Please find some code below.  There are three problems here: 1) correct method for initializing very large coo/csr matrices, 2) memory usage in initializing very large coo/csr matrices and, 3) using a function to load the coo matrix where different sized matrices are going to be used in the program.



def populateSparseMatrix (A, nnz, dataFile, I, J)
    # Populate matrix A by first loading data into a coo_matrix using coo_matrix(V, (I,J)), dims) method

    ij = numpy.array(numpy.empty((nnz, 2), dtype=int))
    f = open(dataFile, 'rb')
    ij = pickle.load(f)

    row = ij[:,0]
    column = ij[:,1]
    data = scipy.ones(ij.shape[0], dtype=int)

    # Initialize A as coo_matrix, load data into A, convert A to csr_matrix
    A = sparse.coo_matrix((data, (row, column)), dims=(I,J)).tocsr()

    return A

def anotherFunctionOperatingOnSparseMatrixA(A, a, b)
    blah blah
    blah blah blah

    return a, b

# main program

# imports
import numpy
import scipy
from scipy import sparse 

# constants
nnz = bigNonZeroNumber
I = bigI
J = bigJ
dataFile = aFilename

# Define and initialize all matrix and vectors
# Create and load a coo_matrix and then transform into a csr_matrix using a function (ie. def populateSparseMatrix) so that we can use program with different sized matrices

# Python requires that all parameters passed to functions be defined beforehand.  
# If so, what is the correct statement to use for initializing an empty coo_matrix?  
# Secondly, if I, J are very large then isn't the initialization step using up memory and hence defeating the purpose of using a coo/csr matrix?
# nnz is from the millions to the tens of millions, the sparse data is just 1's.
# For large I, J, I get 'memory error' on my 2Gb RAM machine which I shouldn't for using a coo/csr matrix

A = sparse.coo_matrix(None, dims=(I, J), dtype=int)       # What is the correct initialization statement (if any)?
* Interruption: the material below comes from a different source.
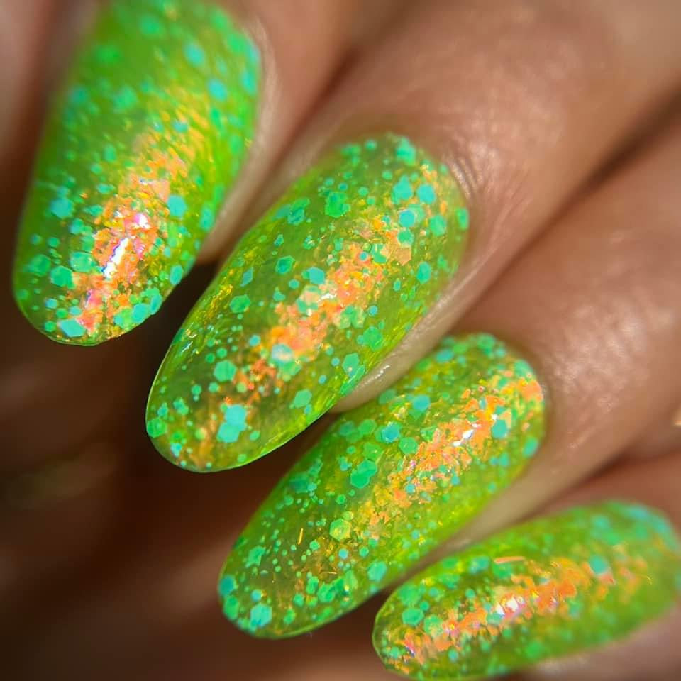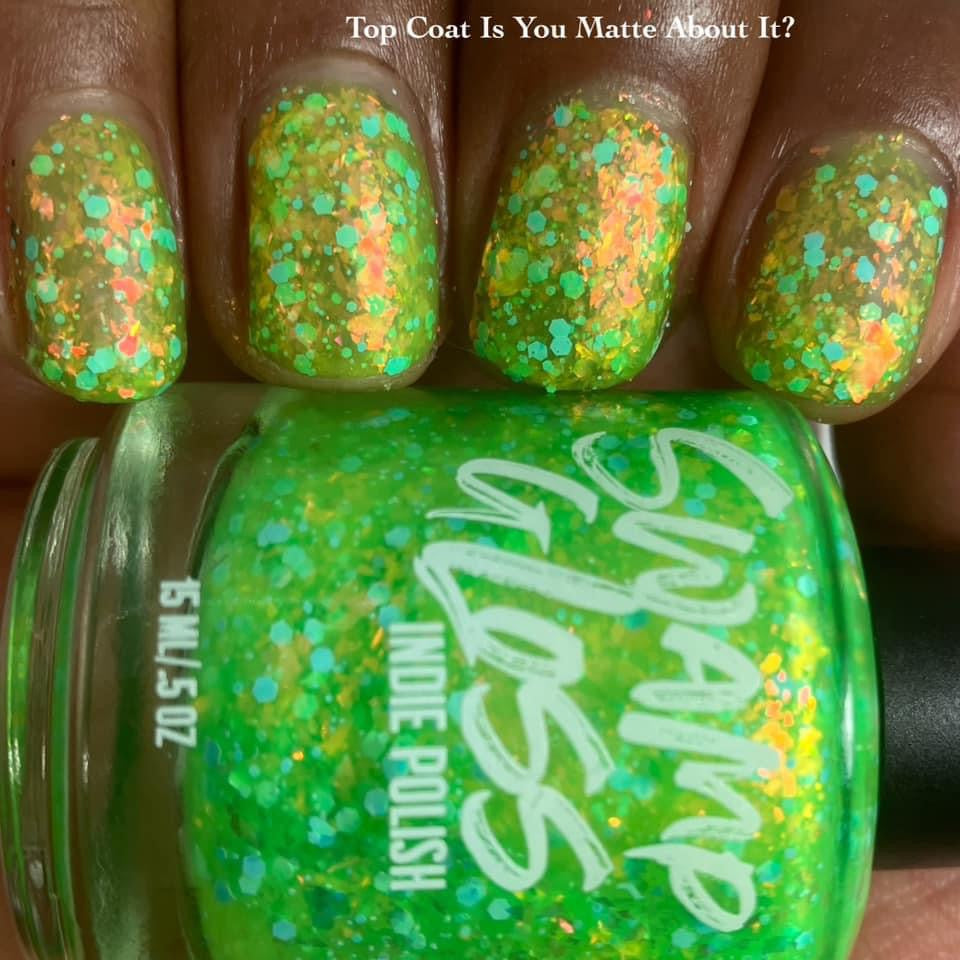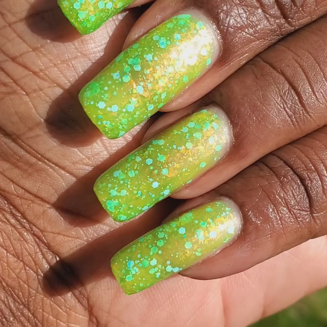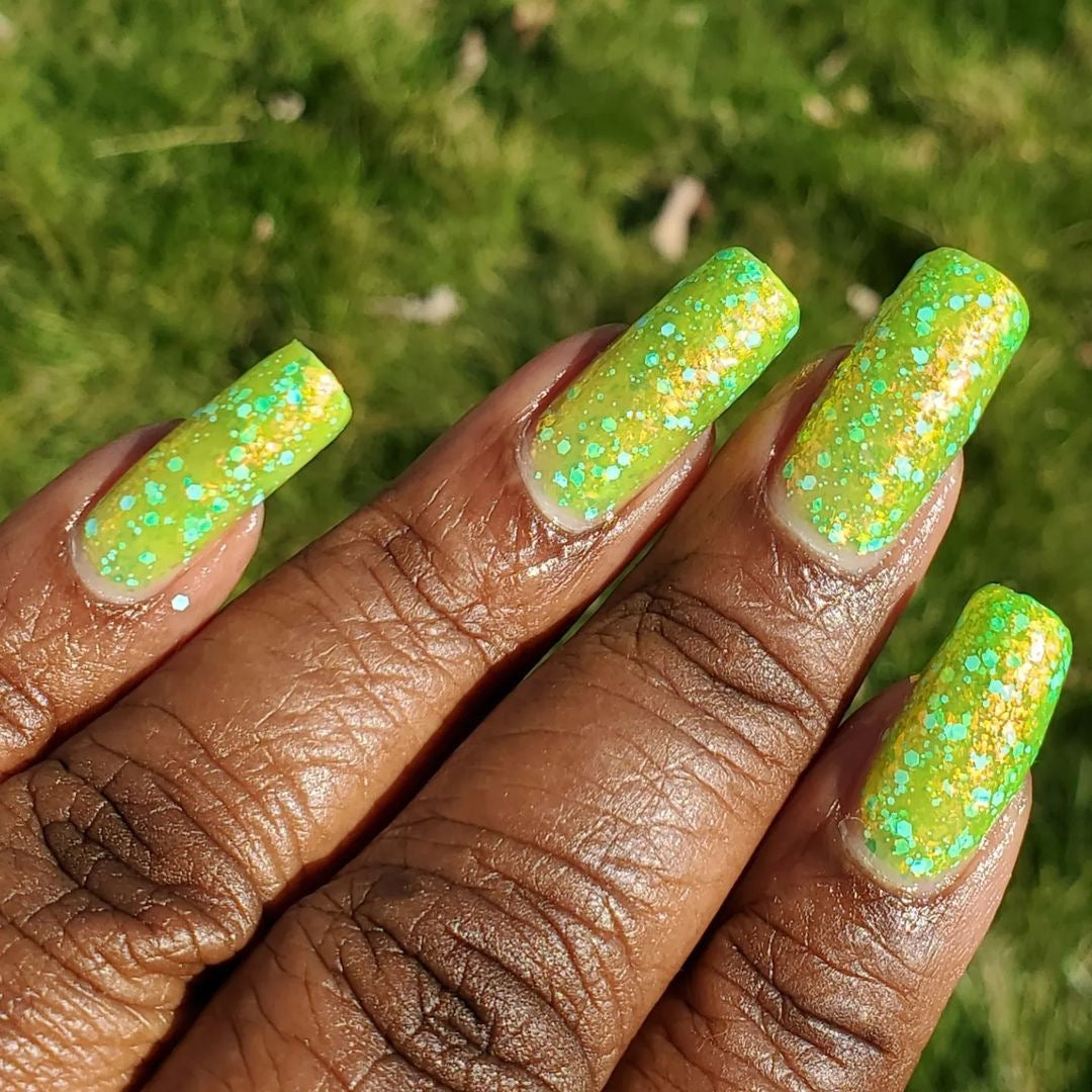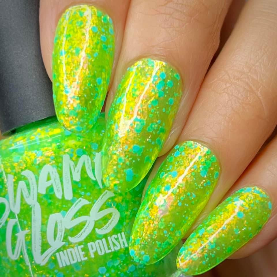 Neon yellow base with matte hexes and iridescent shifting flakes

# Call the populate matrix A function
A = populateSparseMatrix(A, nnz, dataFile, I, J)

a, b = anotherFunctionOperatingOnSparseMatrixA(A, a, b)        # assume a, b are defined before calling function


What sort of method are you using to load the matrices? It'd help if  
you posted some code. In general you shouldn't have to initialize  
something too big in order to load in a sparse matrix. I'm not sure  
that COO is terribly efficient for on-the-fly insertions. Maybe a  
dok_matrix would be more appropriate, which you can then convert to  
whatever you need, all at once, as then you'll know exactly how many  
non-zero elements you have to allocate space for.